(Records contained in a dataset)
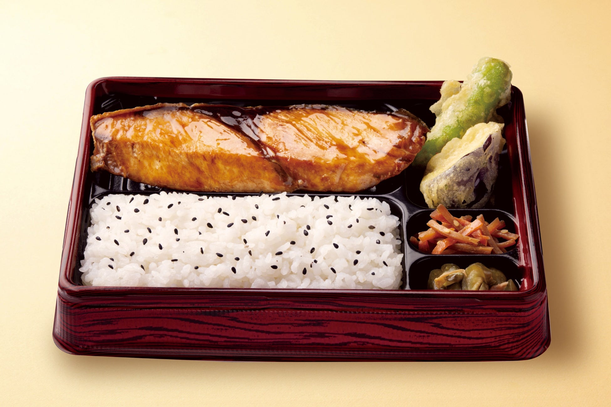 天然ぶりの特徴である引き締まった身の旨味を楽しめます。濃厚な甘みとコクが豊かで香ばし醤油の香りが特徴の照り焼きタレで仕上げました。脇を固めるのは、なすやししとうの天ぷら、きんぴらごぼう、しば漬けと箸休めにピッタリです。
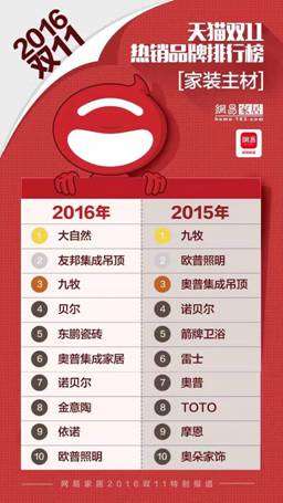 2016年大自然雙十一成交額位居天貓“家裝主材”第一位
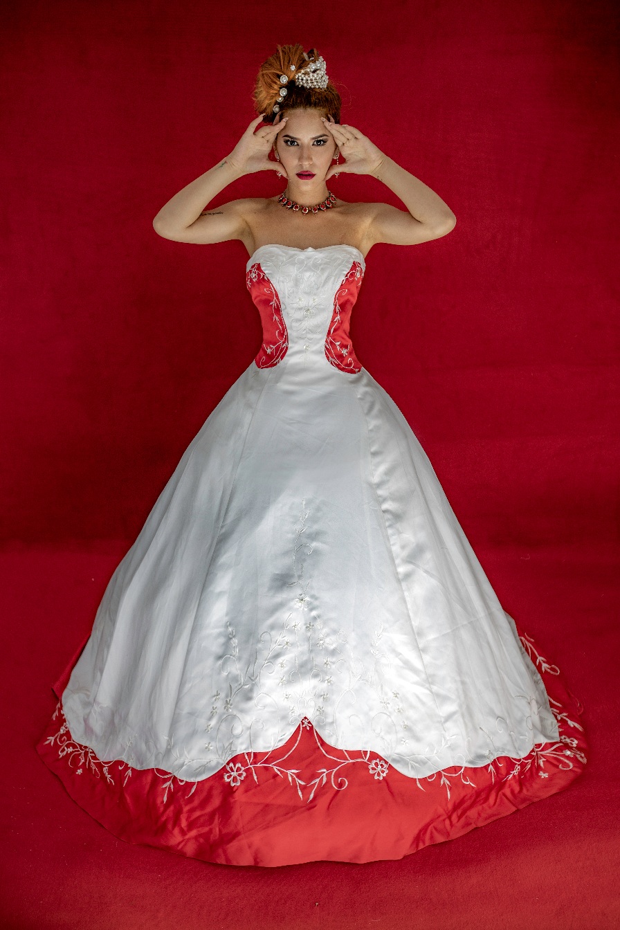 / Vestido blanco y rojo corte princesa
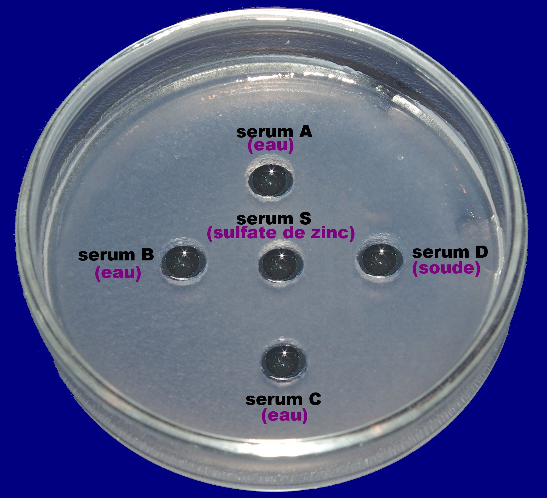 La spécificité d'un anticorps est liée à sa capacité de liaison avec une molécule donnée l'antigène. Le test d'immunodiffusion, ou test d'Ouchterlony, permet la mise en évidence de cette liaison antigène-anticorps. Les produits utilisés ici sont remplacés par des produits de substitution « mimant » la réaction.
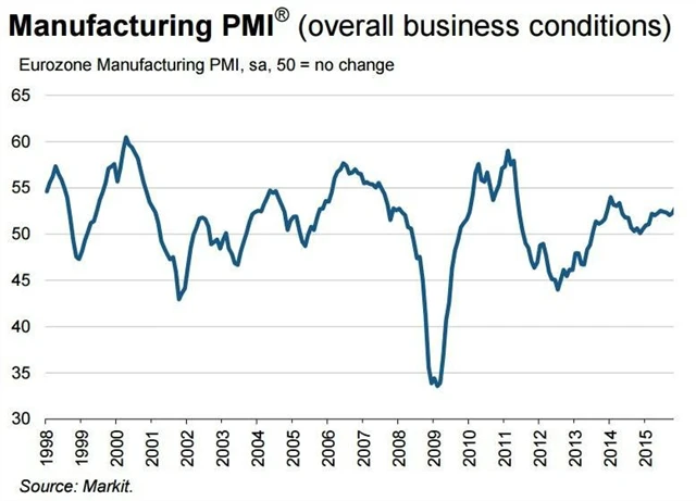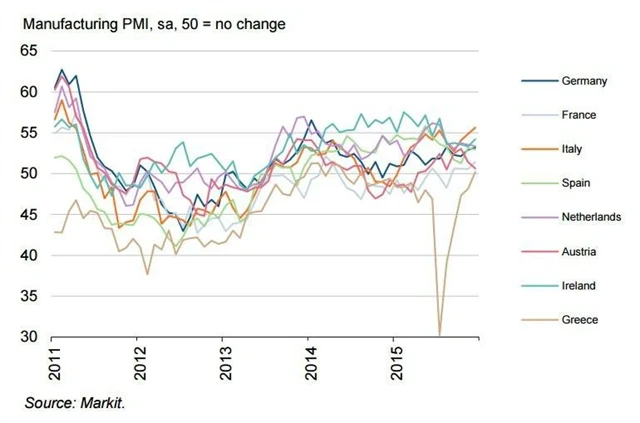 Podle ekonoma společnosti Markit Roba Dobsona jsou tyto údaje sice převážně nadějné, celkový obrázek ovšem vypovídá o slušném, byť nijak ohromujícím růstu. Zpracovatelský sektor eurozóny se podle něj pohybuje stále zhruba deset procent pod vrcholem z doby před finanční krizí.

- [What the task requires]
Output every entry above verbatim, but leave out the pictures.

- [Answer space]
 天然ぶりの特徴である引き締まった身の旨味を楽しめます。濃厚な甘みとコクが豊かで香ばし醤油の香りが特徴の照り焼きタレで仕上げました。脇を固めるのは、なすやししとうの天ぷら、きんぴらごぼう、しば漬けと箸休めにピッタリです。
 2016年大自然雙十一成交額位居天貓“家裝主材”第一位
 / Vestido blanco y rojo corte princesa
 La spécificité d'un anticorps est liée à sa capacité de liaison avec une molécule donnée l'antigène. Le test d'immunodiffusion, ou test d'Ouchterlony, permet la mise en évidence de cette liaison antigène-anticorps. Les produits utilisés ici sont remplacés par des produits de substitution « mimant » la réaction.
 Podle ekonoma společnosti Markit Roba Dobsona jsou tyto údaje sice převážně nadějné, celkový obrázek ovšem vypovídá o slušném, byť nijak ohromujícím růstu. Zpracovatelský sektor eurozóny se podle něj pohybuje stále zhruba deset procent pod vrcholem z doby před finanční krizí.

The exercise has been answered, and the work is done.